ДОКТОР МИКРОБУС
1.
Два контейнера смоллет.
Два контейнера чудесных, божественных капель и пирамидок.
В оранжерее, как всегда, было душно и влажно. Палая листва покрывала дорожки. В Дарджилинге никогда не было так тихо, в Дарджилинге все цвело в любое время года, и птицы этому откровенно радовались. Раздвинув колючие ветви синий, доктор Макробер, не глядя, шагнул к стене, величественно выгибающейся над ним в искусственную небесную сферу. Лучше не смотреть под ноги, когда шагаешь в стометровую шахту.
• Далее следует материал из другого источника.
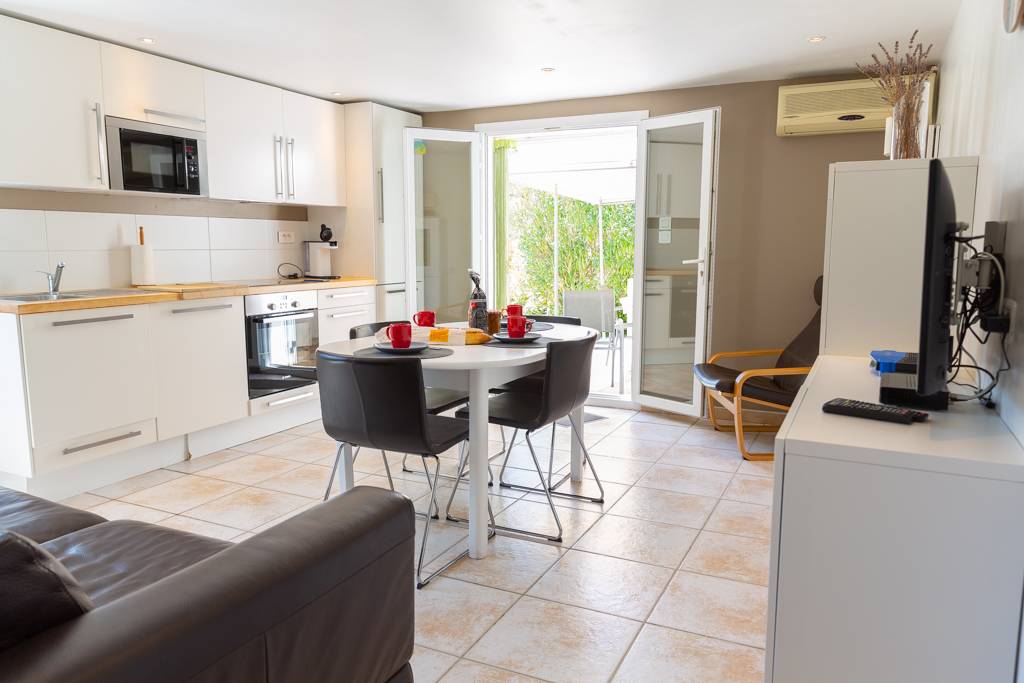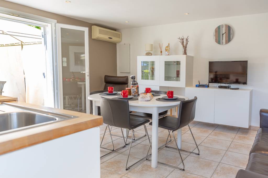 Inmitten ländlicher Idylle, auf einem 1825 m² großen Grundstück, befindet sich dieses 54 m² große Ferienhaus im Erdgeschoss der Villa der Eigentümer (mit separatem Eingang). Es umfasst:

Он не боялся. Просто печаль — вечная, неизбывная… Удара доктор Макробер не почувствовал, просто щемило сердце, и он вновь стоял на краю шахты… Пришлось снова шагнуть в темный провал, поскольку другого способа попасть в запертый изнутри атриум не было…
Крестообразные листья медленно кружились в воздухе…
Алое кресло… Оранжевый плед… Голографическая развертка…
Перед сном лиценциатка Ира Летчик прокручивала виртуальный альбом. Сумеречное дно Марианской впадины, ледяные кольца Сатурна, Церера, залитая лавой. Ира Летчик была здесь. Доктор Макробер отшатнулся от выплеснувшегося в лицо огня. Жадные протуберанцы, встающие над развалами дымящихся камней… Выжженная равнина, изорванная прихотливыми трещинами… Огненные черви, как тесто, выдавливались на плавящийся базальт, обретали нестерпимую четкость…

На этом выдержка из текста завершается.